→ AIM OF THE TASK: Extract each line of the material that follows exactly and omit its pictures.

→ DATASET SECTION:
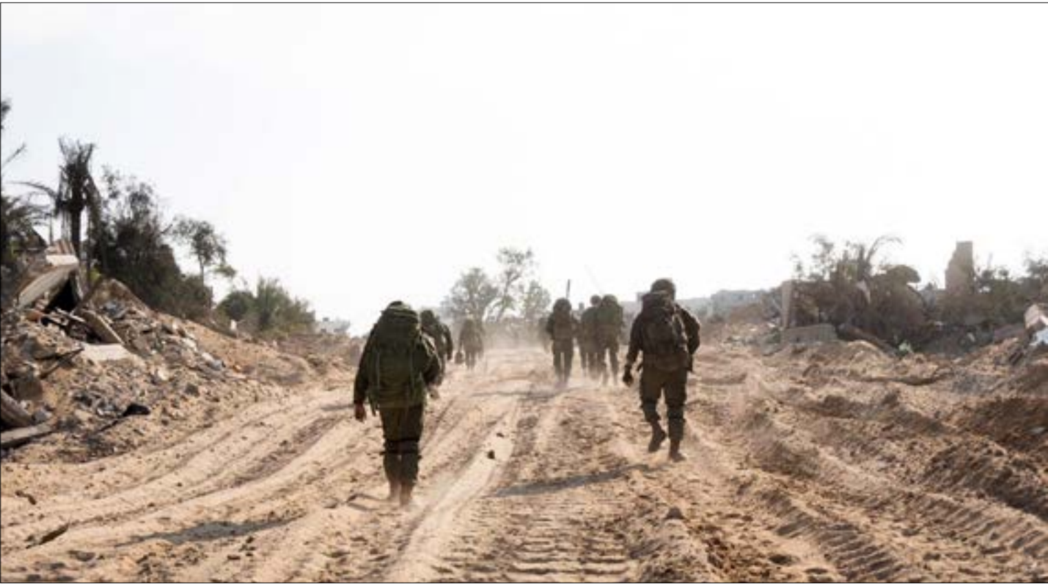
بعذ الجيش الإسرائيلي المدة لتنفيذ عملية رفح. ويستلم الأميركيون ذلك في ممارسة الضغوط على «حماس»

تعرّضت للتحريض والانتقاد من قبل المستوطنين وعلى رأسهم بن غفير وسموتريتش بإدعاء التساهل مع الفلسطينيين والتشدد مع المستوطنين في الضفة الغربية التي تولى مسؤوليتها». بدوره، علّق زعيم المعارضة، يائير لابيد، على الاستقالة، معتبراً إياها «مراً مُثرباً وخيبراً»، مردفاً: «كان من المناسب أن يحدو نتخايها حدوه». أما الكاتب في «هارتس»، عاموس هرثيل، فقد رأى أنه «من المستحيل نسيان حقيقة أن هناك شخصاً واحداً يرفض حتى الآن قبول أي مسؤولية عن الكارثة التي حدثت في عهد، وإلى حد كبير نتيجة لسياساته». رئيس الوزراء بنيامين نتنياهو.»
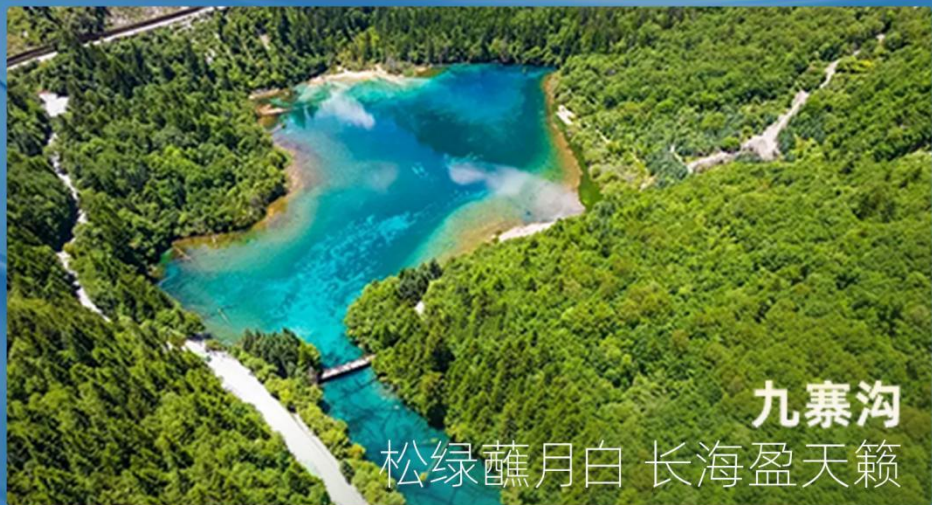
九寨沟 松绿蘸月白 长海盈天籁

→ ANSWER AREA:
بعذ الجيش الإسرائيلي المدة لتنفيذ عملية رفح. ويستلم الأميركيون ذلك في ممارسة الضغوط على «حماس»

تعرّضت للتحريض والانتقاد من قبل المستوطنين وعلى رأسهم بن غفير وسموتريتش بإدعاء التساهل مع الفلسطينيين والتشدد مع المستوطنين في الضفة الغربية التي تولى مسؤوليتها». بدوره، علّق زعيم المعارضة، يائير لابيد، على الاستقالة، معتبراً إياها «مراً مُثرباً وخيبراً»، مردفاً: «كان من المناسب أن يحدو نتخايها حدوه». أما الكاتب في «هارتس»، عاموس هرثيل، فقد رأى أنه «من المستحيل نسيان حقيقة أن هناك شخصاً واحداً يرفض حتى الآن قبول أي مسؤولية عن الكارثة التي حدثت في عهد، وإلى حد كبير نتيجة لسياساته». رئيس الوزراء بنيامين نتنياهو.»
九寨沟 松绿蘸月白 长海盈天籁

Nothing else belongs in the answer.